Councilwoman Patty Gustin of Naperville misled the public when she claimed that the Pretrial Fairness Act does not allow police to arrest someone for trespassing on private property, even if they are unwilling to leave.
Councilwoman Patty Gustin of Naperville misled the public when she claimed that the Pretrial Fairness Act does not allow police to arrest someone for trespassing on private property, even if they are unwilling to leave.
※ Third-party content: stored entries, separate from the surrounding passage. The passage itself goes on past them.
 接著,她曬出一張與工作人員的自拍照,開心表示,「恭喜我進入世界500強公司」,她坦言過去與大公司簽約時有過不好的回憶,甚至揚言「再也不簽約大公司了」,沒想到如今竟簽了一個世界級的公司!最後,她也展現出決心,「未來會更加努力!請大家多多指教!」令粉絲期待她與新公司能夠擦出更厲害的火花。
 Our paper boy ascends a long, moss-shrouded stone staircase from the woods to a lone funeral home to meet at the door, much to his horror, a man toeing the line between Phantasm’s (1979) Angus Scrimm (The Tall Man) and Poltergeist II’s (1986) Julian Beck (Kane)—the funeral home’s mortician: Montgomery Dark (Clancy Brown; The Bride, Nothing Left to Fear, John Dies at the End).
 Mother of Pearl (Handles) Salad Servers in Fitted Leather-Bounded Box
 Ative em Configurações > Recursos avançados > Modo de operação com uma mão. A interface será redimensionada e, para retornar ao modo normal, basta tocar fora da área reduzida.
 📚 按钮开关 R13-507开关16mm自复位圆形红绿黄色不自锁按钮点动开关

Gustin is not the first elected or law enforcement official who has claimed that the Pretrial Fairness Act will make it impossible for anyone to be jailed or for someone who repeatedly breaks the law to be arrested. Her statement is a clear misinterpretation of the provisions of the law meant to reduce arrests for low-level allegations. The Pretrial Fairness Act allows police to ticket people with low-level charges unless they pose an obvious threat to themselves, any person, or the community. The situations Gustin described—where someone is violating the law and refuses to stop—are exactly the situations the law contemplates when it talks about “an obvious threat to the community.” Police have complete discretion to decide when that “obvious threat to the community” exists, and will not be barred from arresting anyone who they believe poses a threat to public safety. The Illinois Supreme Court’s Pretrial Implementation Task Force has even issued guidance stating that law enforcement does “have discretion to remove the person from the location of the alleged criminal activity.”
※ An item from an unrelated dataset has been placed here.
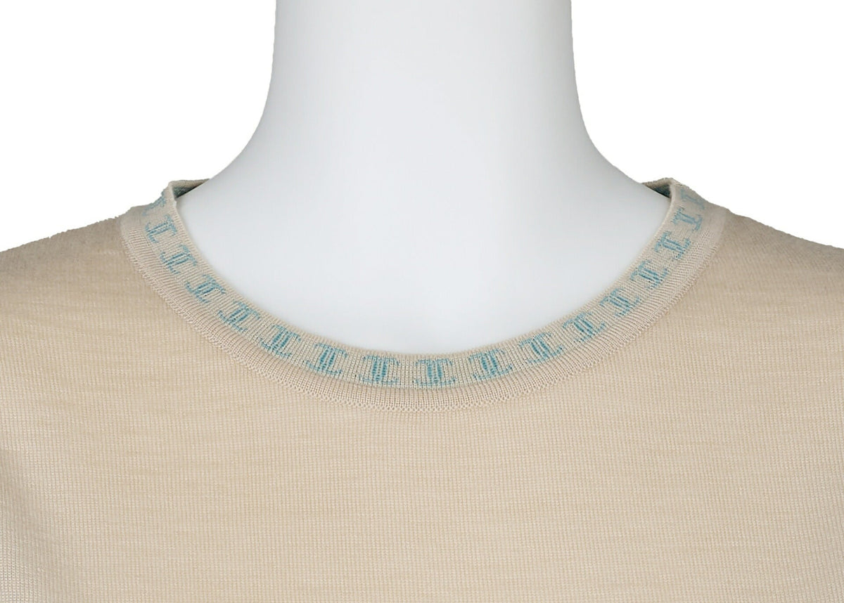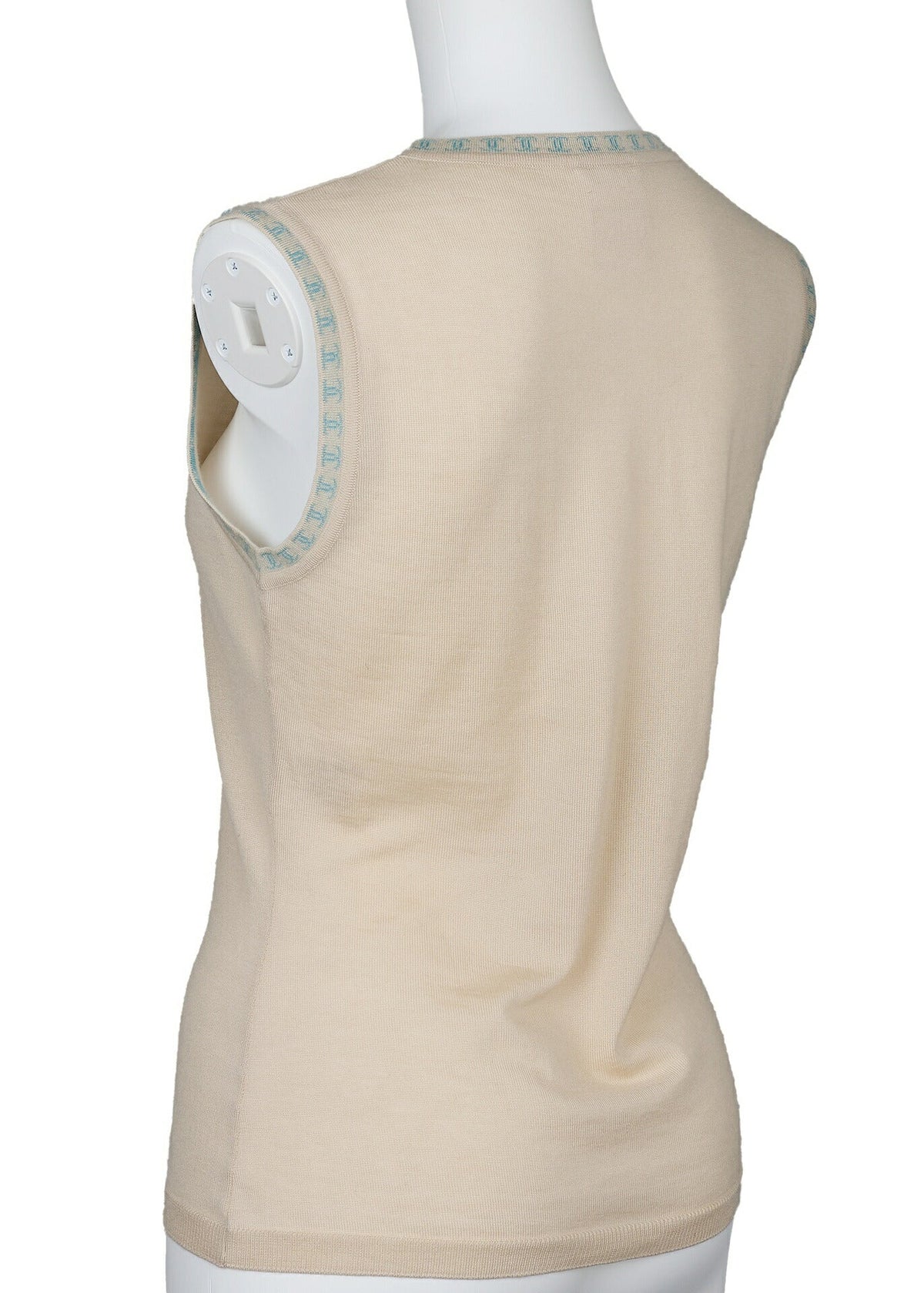 Gilet sans manches d'occasion, Coco Mark, tricoté, cachemire, beige, finitions dorées, d'occasion

In February 2021, Governor JB Pritzker signed the SAFE-T Act (Public Act 101-0652) into law. Included in the legislation is a set of provisions relating to arrest, pretrial release, and pretrial incarceration known as the Pretrial Fairness Act. The Pretrial Fairness Act makes Illinois the first state to fully eliminate money bail. The law was passed in response to the Black Lives Matter protests of 2020, which followed years of organizing led by the Illinois Network for Pretrial Justice that mobilized thousands of people across the state in the fight for pretrial fairness.
The Pretrial Fairness Act will ensure that everyone has access to the presumption of innocence—regardless of their financial status—and reduce the number of people jailed while awaiting trial in Illinois. When people are jailed, even for short periods of time, their lives are significantly destabilized. Time in jail causes people to lose jobs, custody of their children, and housing. This destabilization impacts entire communities and makes all of us less safe in the long run. People who spend any period of time in jail are over 30% more likely to be arrested in the future compared to people with the same backgrounds who are released awaiting trial. People who are jailed pretrial also receive longer prison sentences than similarly situated people, further contributing to mass incarceration.
The Pretrial Fairness Act replaces the current wealth-based system, which relies almost exclusively on how much money a person can access, with a new decision-making system that determines pretrial release or detentions based on an evaluation of whether an accused person poses a threat to another person or is likely to intentionally avoid prosecution.